Companion code for Power Laws Are Not Enough and The Spectral Structure of Natural Data.
Computes N-point connected correlators (cumulants) on MNIST images and transforms them to Fourier/wavelet polyspectra, measuring higher-order statistical structure beyond the power spectrum.
Research companion code. This repository implements the correlator computations and spectral analyses discussed in the blog posts on data geometry and scaling laws. It is a work in progress - functional and producing results, but should be understood as research infrastructure rather than a polished library. Developed during MATS 9.0.
2-point correlators
3-point correlators
Per-digit analysis computes correlators separately for each digit class (0-9) to detect statistical differences across categories.

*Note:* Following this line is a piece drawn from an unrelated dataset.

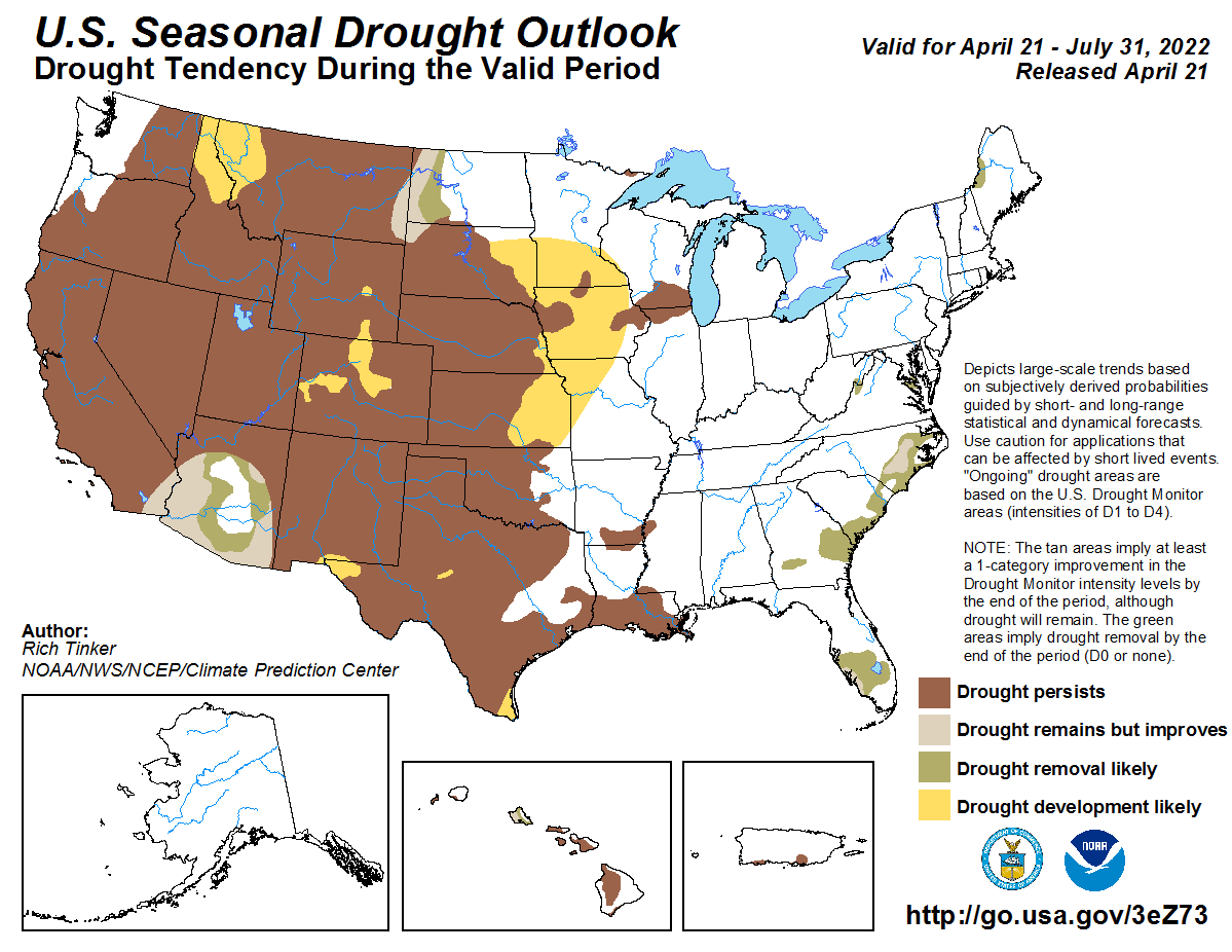 Are you ready for more bad news about our food supply? In recent weeks, I have extensively covered a confluence of factors which are combining to create a global food crisis of immense size and scope. But one thing that I haven’t written much about lately is the extraordinary drought in the western half of the United States. According to the official U.S. Seasonal Drought Outlook that was just released by the National Weather Service, nearly 50 percent of the continental United States will either see drought conditions persist or intensify in the coming months. This is really troubling news, because drought conditions are already having a dramatic impact on agricultural production.

This is a computational experiment: it loads MNIST, computes correlators from scratch via Monte Carlo sampling, and caches results. The marimo notebook provides interactive visualization of the computed results.
uv sync
# Run the interactive analysis notebook
marimo run notebooks/analysis.py --sandbox
# Or from Python
python -c "
from src.correlators import compute_connected_2point
from src.polyspectra import compute_power_spectrum, fit_power_law
from src.config import CorrelatorConfig, SamplingConfig
from sklearn.datasets import fetch_openml
images = fetch_openml('mnist_784', version=1, parser='auto').data.values.reshape(-1, 28, 28)[:1000]
C2 = compute_connected_2point(images, CorrelatorConfig(), SamplingConfig())
P = compute_power_spectrum(C2)
fit = fit_power_law(P['k_values'], P['P_k_radial'])
print(f'Power-law exponent: alpha = {fit[\"exponent\"]:.3f}')
"src/
├── config.py # Configuration dataclasses
├── correlators.py # N-point correlator computation
├── polyspectra.py # Fourier/wavelet transforms + power-law fitting
├── sampling.py # Spatial configuration sampling
└── visualization.py # Plotting functions
notebooks/
├── analysis.py # Marimo notebook (primary interface)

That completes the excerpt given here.